In the Old Town, visitors sense Oviedo's special character while wandering the narrow pedestrian streets and atmospheric lanes. Impressive architectural landmarks are found at every turn, reflecting the city's rich heritage.
Oviedo is also known for its gastronomic excellence. The delicious local cuisine features specialties of the Asturias region such as Fabada Asturiana (bean stew), Pitu de Caleya (special free-range chicken), and Cabrales cheese.
Find out more about the best places to visit in this fascinating historic city with our list of the top attractions and things to do in Oviedo.
See also: Where to Stay in Oviedo
Note: Some businesses may be temporarily closed due to recent global health and safety issues.
1. Catedral de San Salvador (Oviedo Cathedral)
Oviedo's impressive Gothic cathedral was constructed over a period of several centuries (13th - 16th) on the site of an earlier eighth-century church. The facade, renovated later, boasts a lovely Baroque relief of the Transfiguration.
The monument's most striking feature is the 82-meter-high tower, considered one of the finest in Spain. Built in the 15th century, the tower is noteworthy for its decorative integrated spire.
The cathedral's sanctuary features exquisite architecture and masterpieces of art. In the Capilla Mayor is the 16th-century tomb of Archbishop Arias de Villar and a magnificent retablo (main altarpiece) with numerous panels depicting scenes from the life of Christ. A splendid 11th-century silver gilt reliquary is found in the Baroque Capilla de Santa Eulalia.
To find the cathedral's most prized possession, take the flight of steps in the south transept up to the Cámara Santa. This UNESCO-listed chapel contains the Arca Santa (Holy Chest), a precious reliquary brought to Asturias after the Visigothic Kingdom of Toledo fell to the Moors.
The Arca Santa is covered with silver-plated reliefs and contains relics from the Holy Land along with other treasures such as the ninth-century gold-filigree Angels' Cross (Cruz de los Ángeles).

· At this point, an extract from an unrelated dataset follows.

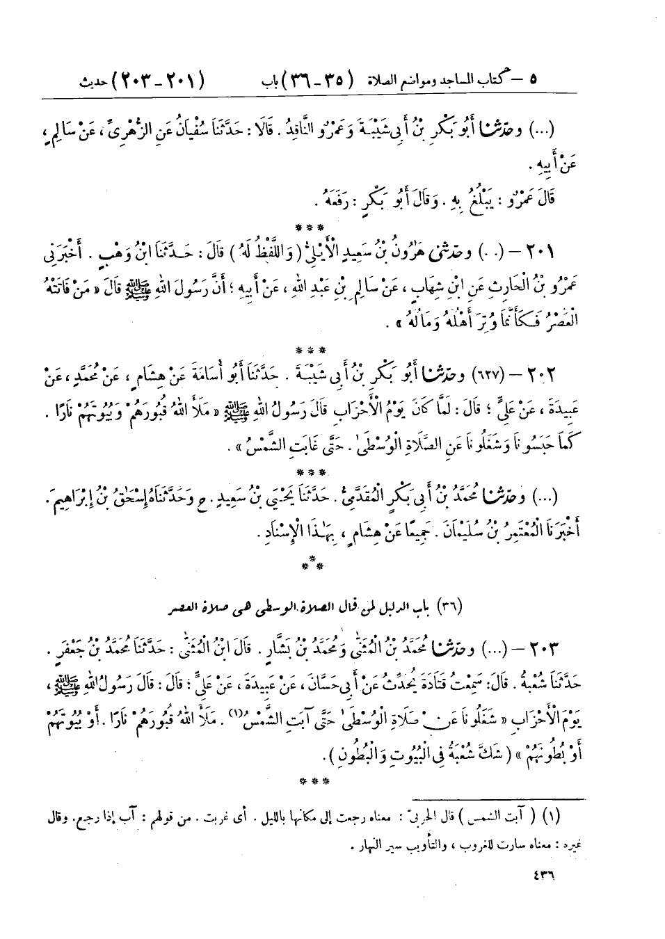202 - (627) وَحَدَّثَنَا أَبُو بَكْرِ بْنُ أَبِي شَيْبَةَ، حَدَّثَنَا أَبُو أُسَامَةَ، عَنْ هِشَامٍ، عَنْ مُحَمَّدٍ، عَنْ عَبِيدَةَ، عَنْ عَلِيٍّ، قَالَ: لَمَّا كَانَ يَوْمُ الْأَحْزَابِ، قَالَ رَسُولُ اللهِ صَلَّى اللهُ عَلَيْهِ وَسَلَّمَ: «§مَلَأَ اللهُ قُبُورَهُمْ وَبُيُوتَهُمْ نَارًا، كَمَا حَبَسُونَا، وَشَغَلُونَا عَنِ الصَّلَاةِ الْوُسْطَى، حَتَّى غَابَتِ الشَّمْسُ»

Medieval pilgrims traveling to Santiago de Compostela stopped in Oviedo to venerate the reliquary displayed in the Cámara Santa.

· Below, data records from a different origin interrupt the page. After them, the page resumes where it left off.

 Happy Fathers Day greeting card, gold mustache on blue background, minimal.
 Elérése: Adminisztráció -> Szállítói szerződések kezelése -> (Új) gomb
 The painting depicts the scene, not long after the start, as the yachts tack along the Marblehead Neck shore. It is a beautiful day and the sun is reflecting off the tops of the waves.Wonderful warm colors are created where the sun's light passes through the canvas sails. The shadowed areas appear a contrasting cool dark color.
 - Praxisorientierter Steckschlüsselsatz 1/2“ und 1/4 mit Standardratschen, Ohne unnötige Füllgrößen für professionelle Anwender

Below the Cámara Santa is the Capilla de Leocadia, which contains 12th-century tombs. The cathedral also has a beautiful cloister from the medieval era.

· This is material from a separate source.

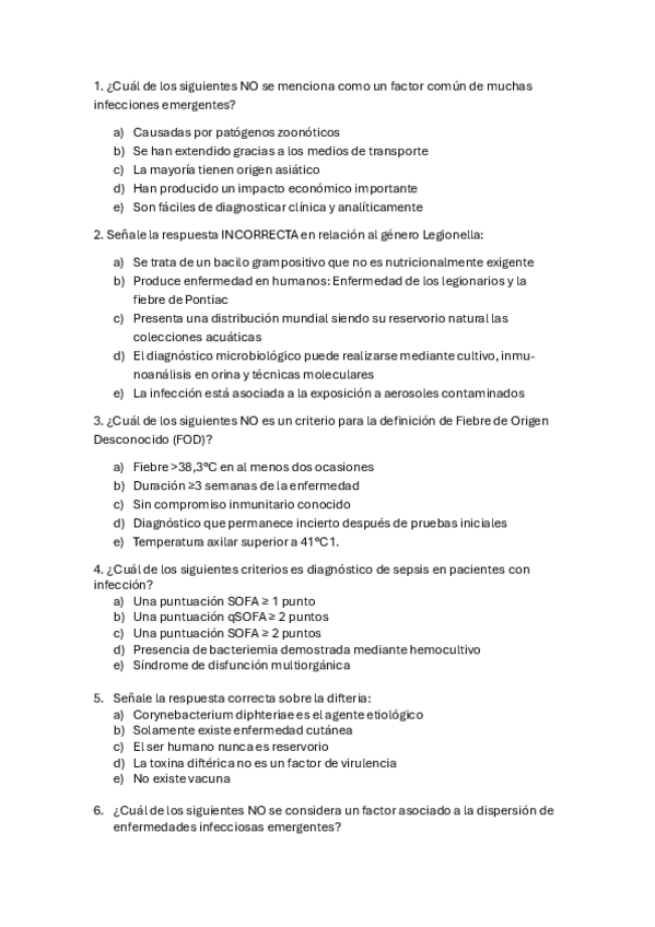 Examen infecciosas enero 2025 sin respuestas

Within the cathedral's splendid Gothic 14th- to 15th-century cloister is the Archivo Capitular (Archive Room), which contains historic manuscripts. Exploring the cloister further leads upstairs to the 18th-century Museo de la Iglesia (Church Museum), which displays a collection of religious art.
The cathedral is open to the public every day year-round. Visitors should plan to spend at least one hour and a half to see all the sights. Mass is celebrated at the cathedral twice daily and several times on Sundays and holidays.
Address: Calle la Rúa, Oviedo
Official site: http://catedraldeoviedo.com/en/
2. Esculturas de Oviedo (Oviedo's Sculptures)
In the past few decades, Oviedo has become known for its increasing number of public sculptures, and the city continues to commission more. The artwork is everywhere, woven into the landscape and installed on sidewalks and pedestrian streets, as if the city were an open-air museum.
Tourists can go on an artistic scavenger hunt to discover the sculptures. The city has a Route of Sculptures (Ruta de las Esculturas), which includes hundreds of artworks, representing a variety of styles and subjects, from historical figures and celebrities to everyday people.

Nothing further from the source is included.